Work instructions
In your copy, each line below is repeated exactly and no image appears.

Stored data entries
##############################
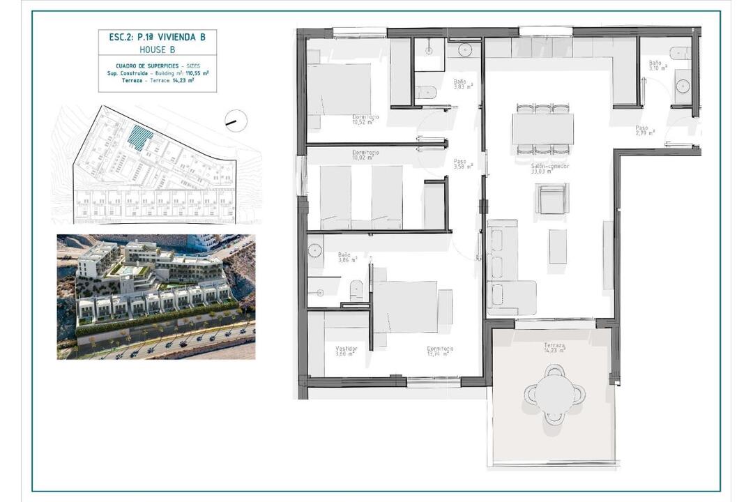 NEW BUILD RESIDENTIAL COMPLEX IN AGUILAS New Build exclusive residential complex of apartments and villas in Aguilas. New Build complex consist of 36 apartments with 3 and 2 bedrooms distributed in 4 modern blocks, equipped with 2 communal swimming pools and community garage with parking space and storage room for each property; and 10 elegant villas of 4 bedrooms and 3 bathrooms, each one with its own private pool. This residential complex has been designed with excellence in mind, offering spacious terraces on the ground and first floors and solariums on the upper floors, where the view of the horizon becomes a canvas of experiences. The houses have fully equipped kitchens and bathrooms and pre-installation for ducted air conditioning. Complex located 800 metres from the sea, next to a Shopping Centre. Aguilas located in exceptional area on Costa Clida at only 50 minutes from the new Murcia or Almeria airport and 1h30 from Alicante airport. Aguilas it is a small city with many amenities, a long beach to walk and relax in the sun. Is a perfect enclave for diving, water sports, hiking and golf. It has 28 kilometers of coastline in which there are 35 beaches with different types of sand thickness located in different landscapes, from coves and virgin beaches in natural settings to the urban beaches of the town of Aguilas. Its warm desert climate is present all year round with an annual average of 22 with mild temperatures in winter and very hot in summer.
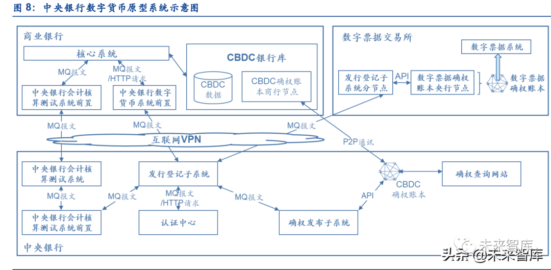 3)中央银行发行登记子系统生产发行数字人民币,并在确权账本进行权属登记。发行的数 字人民币通过中央银行数字货币系统前臵发送至商业银行核心系统后,存放在商业银行银行 库中。同时,发行登记子系统通知确权发布子系统数字人民币发行的权属信息,确权发布子 系统将脱敏后数据发布在数字人民币分布式确权账本上,数字人民币确权查询网站读取分布 式账本数据用于确权查询。商业银行的确权账本节点同步中央银行确权账本节点数据。(报告来源:未来智库)
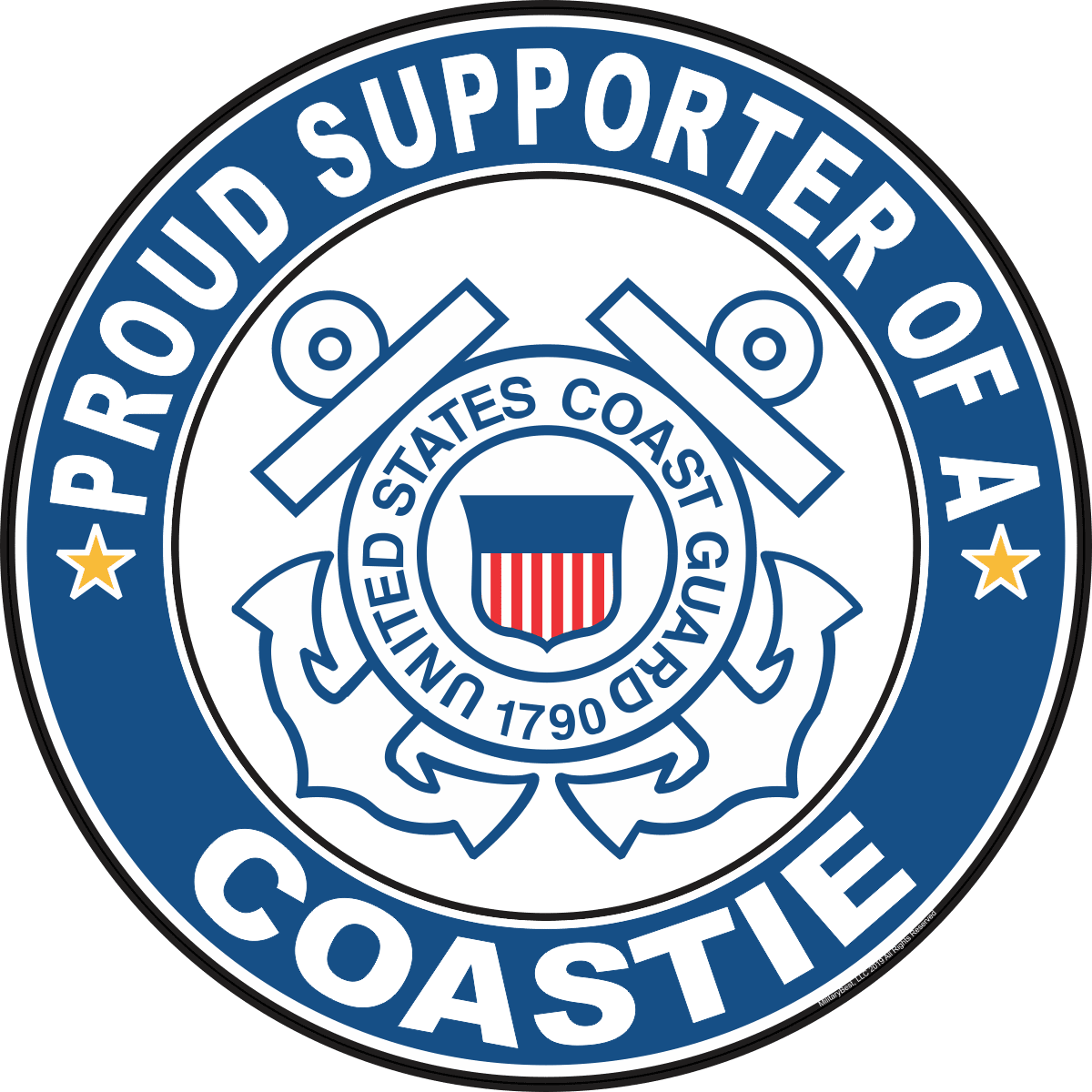 MilitaryBest is proud to offer this Proud Supporter of a Coastie U.S. Coast Guard Round Decal. This U.S. Coast Guard Decal is a great way to show your family pride. All MilitaryBest Coast Guard stickers are printed using high-quality vinyl and U.V. resistant ink. Each is then cured, laminated and die cut for a beautiful crisp, clean and professional look. This Proud Supporter of a Coastie U.S. Coast Guard Round Decal, as well as, any other MilitaryBest.com decal is proudly Made in the USA at our facilities in Scottsboro, AL. Select desired quantity and size from the menu above.Features:
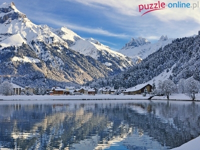 Jezioro, Zima, Góry, Las, Zabudowania
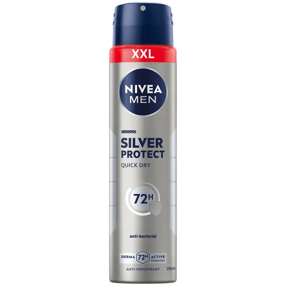 Nivea Men Silver Protect Quick Dry Antyperspirant męski w sprayu to innowacyjna, antybakteryjna formuła z jonami srebra, która skutecznie zapobiega powstawaniu nieprzyjemnego zapachu. Antyperspiracyjne działanie kosmetyku zapewnia długotrwałą, 72 godzinną ochronę przed nadmiernym poceniem się. Dzięki innowacyjnej formule opartej na molekułach srebra o silnym działaniu antybakteryjnym, męski antyperspirant Silver Protect zwalcza bakterie zapobiegając powstawaniu nieprzyjemnego zapachu. Świeży, męski zapach. Możesz cieszyć się nowoczesnym, męskim zapachem przez wiele godzin po aplikacji. Wyjątkowa formuła Derma Active Protection 72 godziny.
##############################
Reply to the task
 NEW BUILD RESIDENTIAL COMPLEX IN AGUILAS New Build exclusive residential complex of apartments and villas in Aguilas. New Build complex consist of 36 apartments with 3 and 2 bedrooms distributed in 4 modern blocks, equipped with 2 communal swimming pools and community garage with parking space and storage room for each property; and 10 elegant villas of 4 bedrooms and 3 bathrooms, each one with its own private pool. This residential complex has been designed with excellence in mind, offering spacious terraces on the ground and first floors and solariums on the upper floors, where the view of the horizon becomes a canvas of experiences. The houses have fully equipped kitchens and bathrooms and pre-installation for ducted air conditioning. Complex located 800 metres from the sea, next to a Shopping Centre. Aguilas located in exceptional area on Costa Clida at only 50 minutes from the new Murcia or Almeria airport and 1h30 from Alicante airport. Aguilas it is a small city with many amenities, a long beach to walk and relax in the sun. Is a perfect enclave for diving, water sports, hiking and golf. It has 28 kilometers of coastline in which there are 35 beaches with different types of sand thickness located in different landscapes, from coves and virgin beaches in natural settings to the urban beaches of the town of Aguilas. Its warm desert climate is present all year round with an annual average of 22 with mild temperatures in winter and very hot in summer.
 3)中央银行发行登记子系统生产发行数字人民币,并在确权账本进行权属登记。发行的数 字人民币通过中央银行数字货币系统前臵发送至商业银行核心系统后,存放在商业银行银行 库中。同时,发行登记子系统通知确权发布子系统数字人民币发行的权属信息,确权发布子 系统将脱敏后数据发布在数字人民币分布式确权账本上,数字人民币确权查询网站读取分布 式账本数据用于确权查询。商业银行的确权账本节点同步中央银行确权账本节点数据。(报告来源:未来智库)
 MilitaryBest is proud to offer this Proud Supporter of a Coastie U.S. Coast Guard Round Decal. This U.S. Coast Guard Decal is a great way to show your family pride. All MilitaryBest Coast Guard stickers are printed using high-quality vinyl and U.V. resistant ink. Each is then cured, laminated and die cut for a beautiful crisp, clean and professional look. This Proud Supporter of a Coastie U.S. Coast Guard Round Decal, as well as, any other MilitaryBest.com decal is proudly Made in the USA at our facilities in Scottsboro, AL. Select desired quantity and size from the menu above.Features:
 Jezioro, Zima, Góry, Las, Zabudowania
 Nivea Men Silver Protect Quick Dry Antyperspirant męski w sprayu to innowacyjna, antybakteryjna formuła z jonami srebra, która skutecznie zapobiega powstawaniu nieprzyjemnego zapachu. Antyperspiracyjne działanie kosmetyku zapewnia długotrwałą, 72 godzinną ochronę przed nadmiernym poceniem się. Dzięki innowacyjnej formule opartej na molekułach srebra o silnym działaniu antybakteryjnym, męski antyperspirant Silver Protect zwalcza bakterie zapobiegając powstawaniu nieprzyjemnego zapachu. Świeży, męski zapach. Możesz cieszyć się nowoczesnym, męskim zapachem przez wiele godzin po aplikacji. Wyjątkowa formuła Derma Active Protection 72 godziny.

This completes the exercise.